V. Jain1, E. Vittinghoff2, F. Hecht1, S. Deeks1


1University of California San Francisco (UCSF), HIV/AIDS Division, San Francisco General Hospital, San Francisco, United States, 2University of California San Francisco (UCSF), Department of Epidemiology and Biostatistics, San Francisco, United States

Background: Drug resistance mutations are often associated with reduced fitness in vitro. The in vivo consequences of these mutations are not certain. We evaluated the impact of transmitted drug resistance (TDR) on viral load (VL) and CD4 cell counts over time in patients naive to antiretroviral therapy (ART).
Methods: Genotypic resistance measurements were performed at baseline on a large cohort of individuals identified during acute/early infection (UCSF Options cohort). We used linear mixed models with cubic splines to compare secular patterns in logVL and square root CD4 (sqrtCD4) in those with and without transmitted drug resistance, censoring data upon ART initiation. In addition, average logVL and sqrtCD4 levels were compared during set point (6 months to 2 years).
Results: Of 556 individuals with genotypic data available, 104 (19%) had transmitted drug resistance. Approximately 60 days after the estimated infection date, VL was higher in WT than in TDR (0.38 logs, p< 0.001), as well as in subgroups with NRTI (0.32 logs, p=0.02) and PI (0.56 logs, p=0.001) resistance. Individuals with NNRTI resistance had a trend suggesting higher VL (0.27 logs, p=0.11). These differences in VL waned over time; VL was not significantly different between groups at 180 and 360 days. There were no differences in CD4 cell counts, either early after infection or during set point.
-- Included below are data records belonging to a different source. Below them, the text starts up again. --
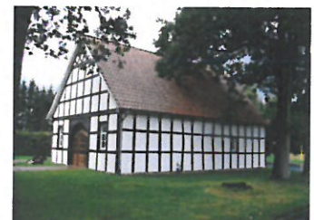
... im Heimathaus in Halverde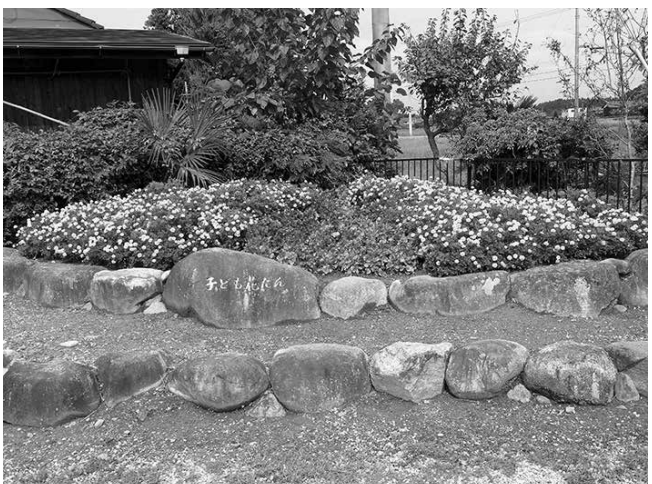
優秀賞 正楽寺少年団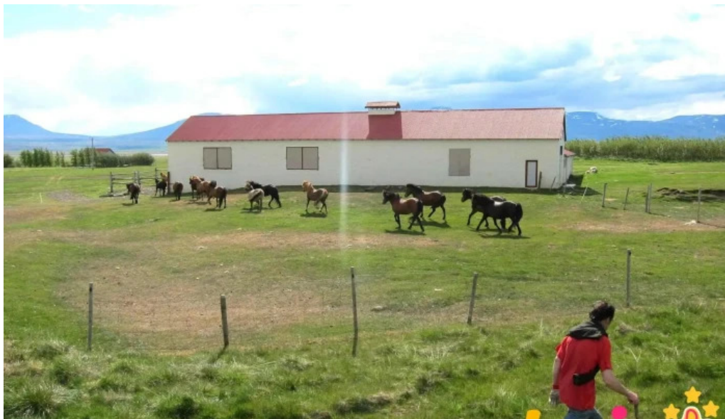
Frostastadir gistihus naerumhverfi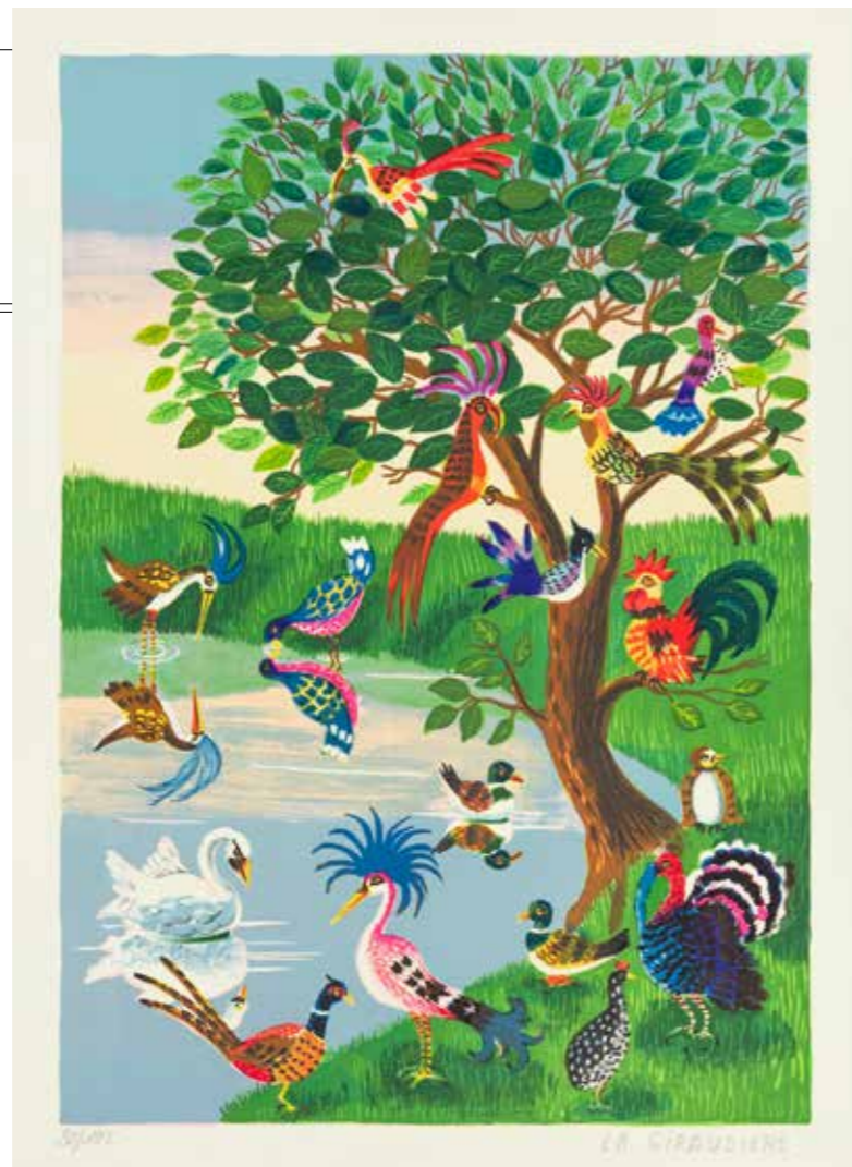
Oiseaux au bord de l'étang, par Mady de La Giraudière, artiste peintre art naïf.

«Hackney Diamonds», sortie le 20 octobre, Jewel Case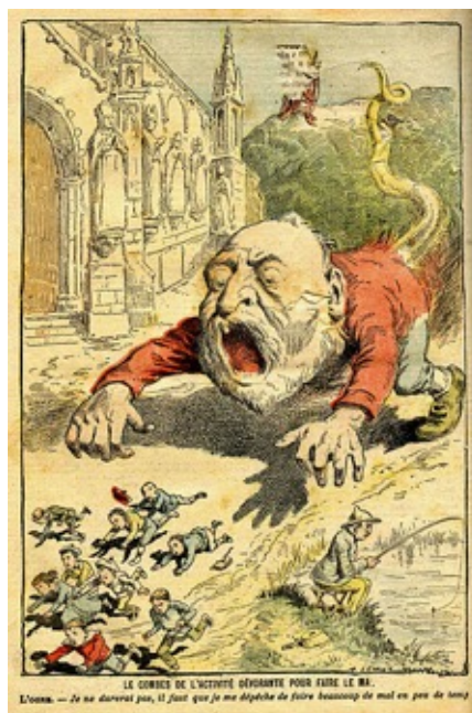
L'ogre Émile Combes, Le Pèlerin, 27 juillet 1902.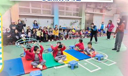
親子深培國民教育運動會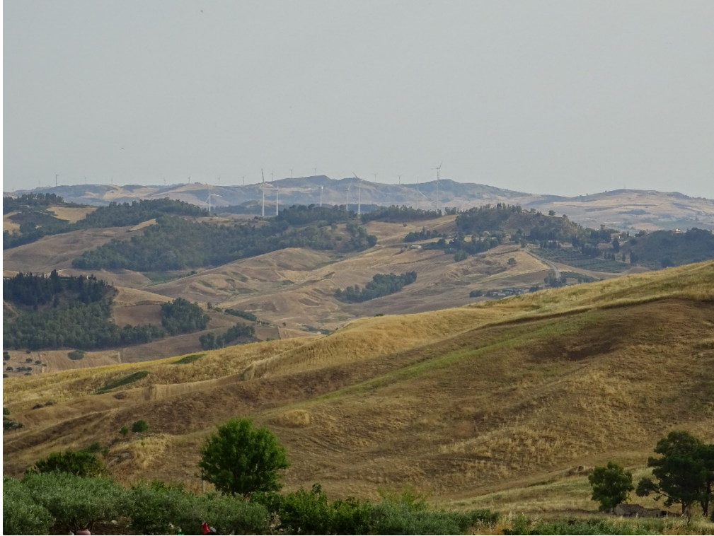
Figura 2-19: Foto 10 - Ante-operam da SP25 nel Comune di Cammarata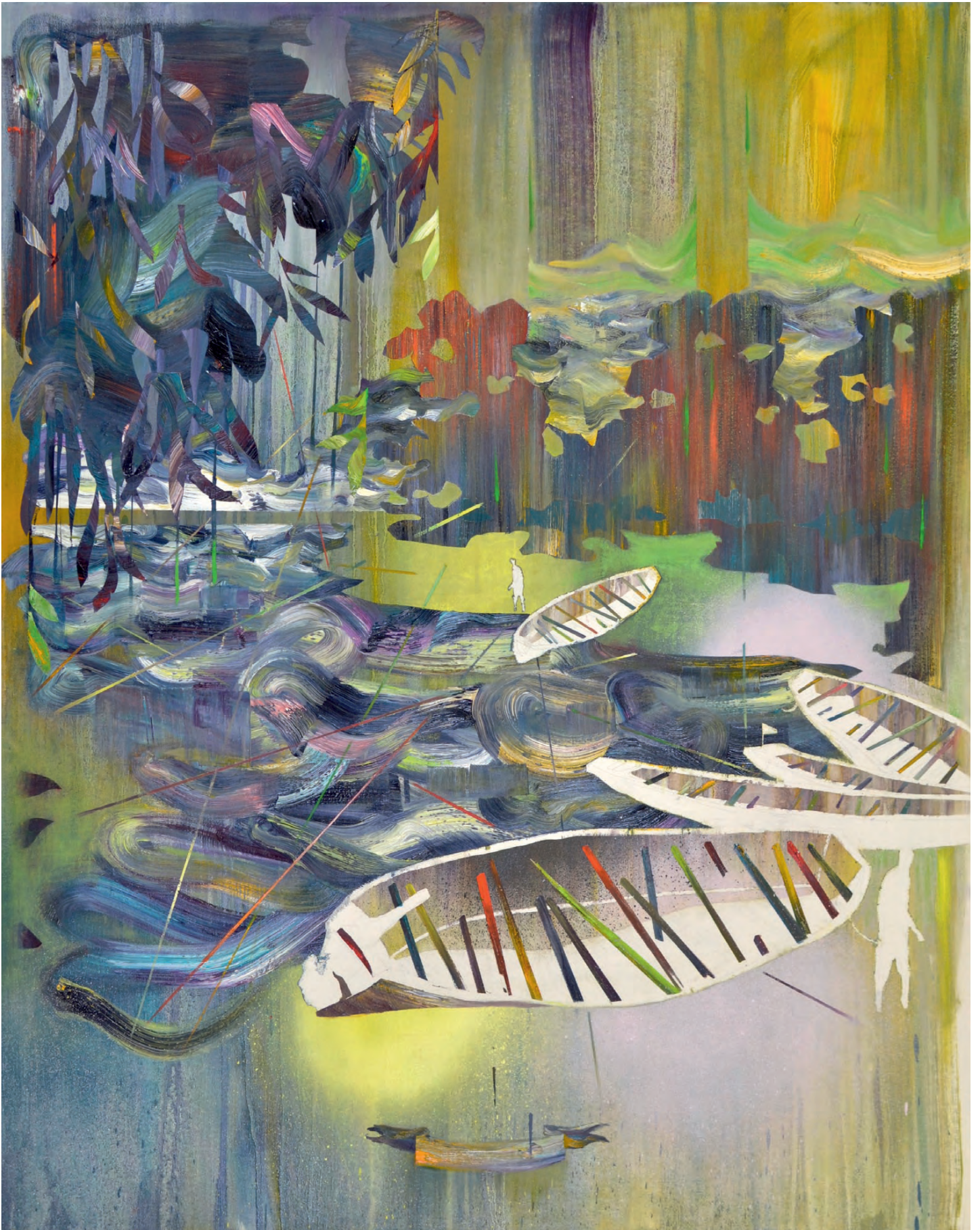
„Mikado“ · oil/varnish on canvas, 120 x 95 cm, 2015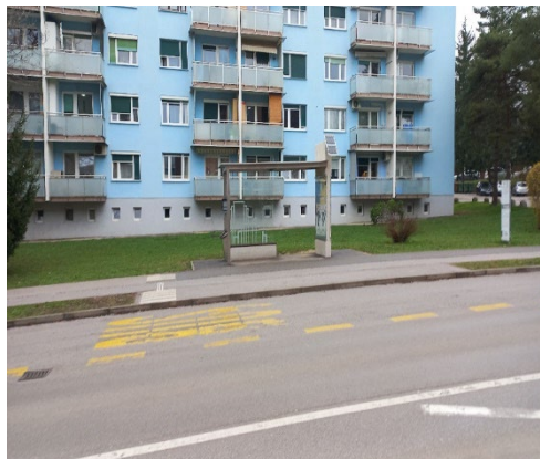
Na Tomšičevi cesti

Na Ljubljanski cesti so zgradili pločnik ter ponižali robnike v Starem Velenju.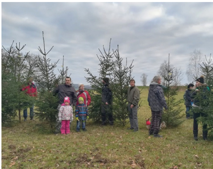
▪ Každý si našel svůj smrček.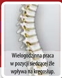
Wielogodzinna praca w pozycji siedzącej źle wpływa na kręgosłup.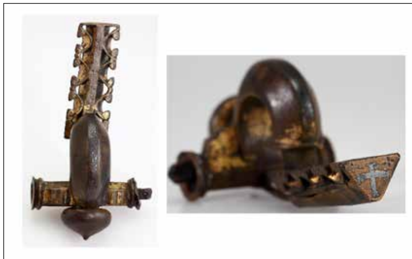
2. kép: Szaurogram mal díszített hagymafejes fibula, Ságvár, késő római temető, 7. sír

A vizsgált fibulákon három esetben ábrázolták a görög alphát és oméगत , két esetben szaurogram mal, egy alkalommal pedig Krisztus-monogrammal kombinálva. Az alpha és oméगत betűk mint a kezdet és a vég szimbólumai 15 ugyancsak Jézus Krisztusra utalnak. Az apokaliptikus betűk kombinációja az ókeresztény képzőművészetben az ariánusok elleni harc és az azt követő győzelem alatt élte virágkorát, ahol az Atya és a Fiú egylényegűségére utalhatott. 16 Az éremverésben először Magnentius 353-as veretein ábrázolták Krisztus-monogrammal együtt. 17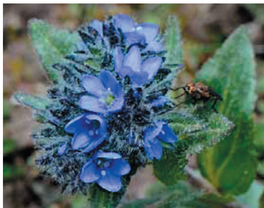
ゴマノハグサ科-イヌノフグリ仲間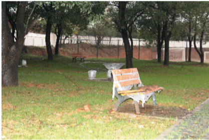
深处是林间木椅石凳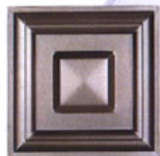
Mod. CRT 200 x 200 PD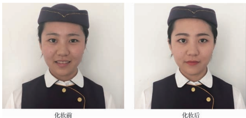
图 1-1 化妆前后对比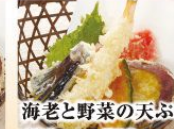
海老と野菜の天ぷら 480円(税込528円)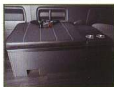
◇ 3rd 横向き座席 & ミニテーブル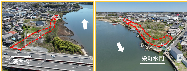
工事箇所の全景 (上流から)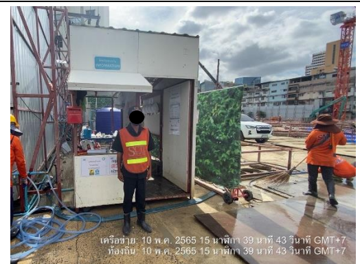
รูปที่ 17 เจ้าหน้าที่รักษาความปลอดภัย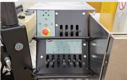
Plnohydraulické dolné ovládanie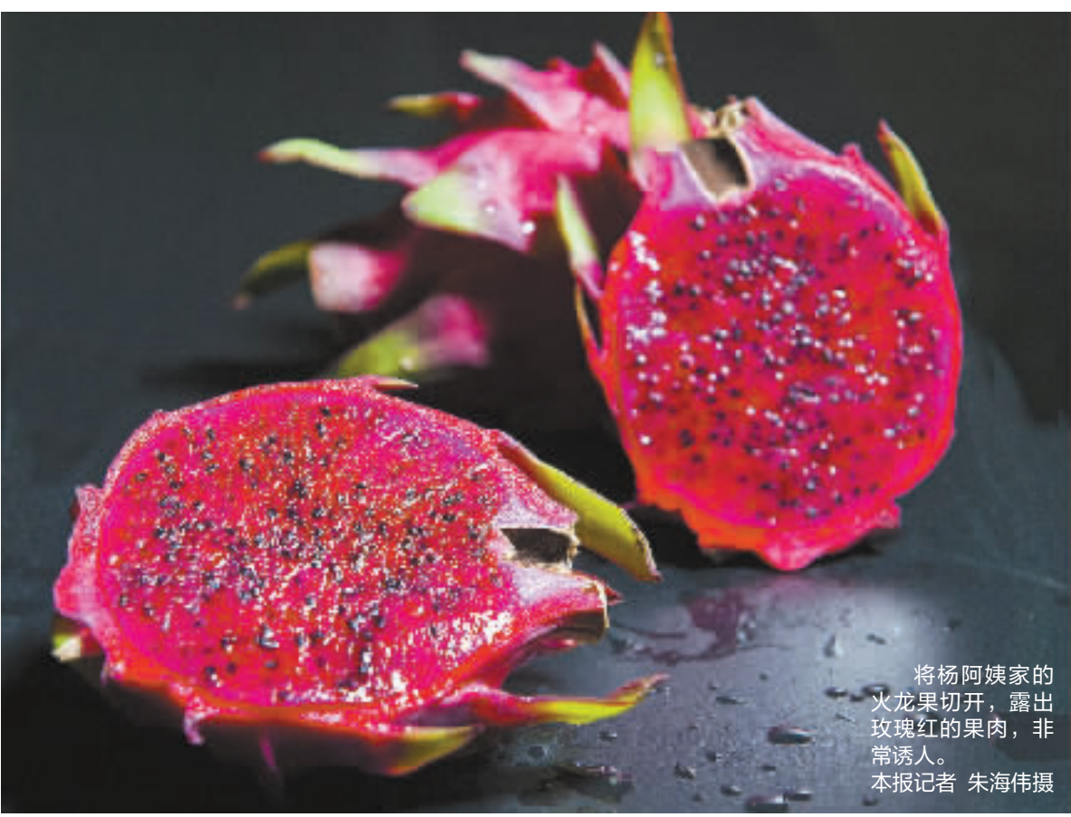
将杨阿姨家的火龙果切开，露出玫瑰红的果肉，非常诱人。

走进横镇田后村的米福红心火龙果园，一个个钢架大棚内，一株株火龙果树都有1米多高了，有些甚至高过了记者162厘米的身高。绿色的枝条看上去有些像仙人掌，上面挂着一个个红心火龙果，长势很好。杨阿姨是果园的主人，火龙果可以丰收了，但她高兴不起来，因为火龙果的销量成了问题。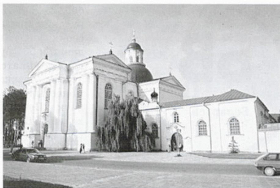
Постройки Жировичского монастыря

Политика, проводимая правительством Российской империи на белорусских землях, отразилась в первую очередь на деятельности библиотек христианских конфессий. Подавив восстание, царское правительство предприняло ряд мер, направленных на усиление идеологического влияния на жителей белорусских земель, которые в большинстве своем находились под крылом не Русской православной церкви, а римско- и грекокатолической церквей. Полоцкий церковный собор Русской православной церкви в 1839 г. принял решение об упразднении грекокатолической церкви. Вместе с соборами, монастырями, учебными заведениями и типографиями закрылись и библиотеки. Благодаря ряду реформ, в том числе в сфере просвещения, было ограничено влияние на общество католической церкви и ее орденов. В результате распространения светского образования,

Conclusions: Patients with transmitted NRTI and PI, but not NNRTI, resistance mutations have lower viral loads during the acute phase of infection; this effect, however, is not sustained. These data provide evidence that drug resistance mutations have an in vivo impact on viral fitness. The waning of the differences in viral load over time suggests that further viral evolution likely attenuates the impact of drug resistance mutations, either through reversion of mutations to wild-type, or through other genetic changes that compensate for fitness costs.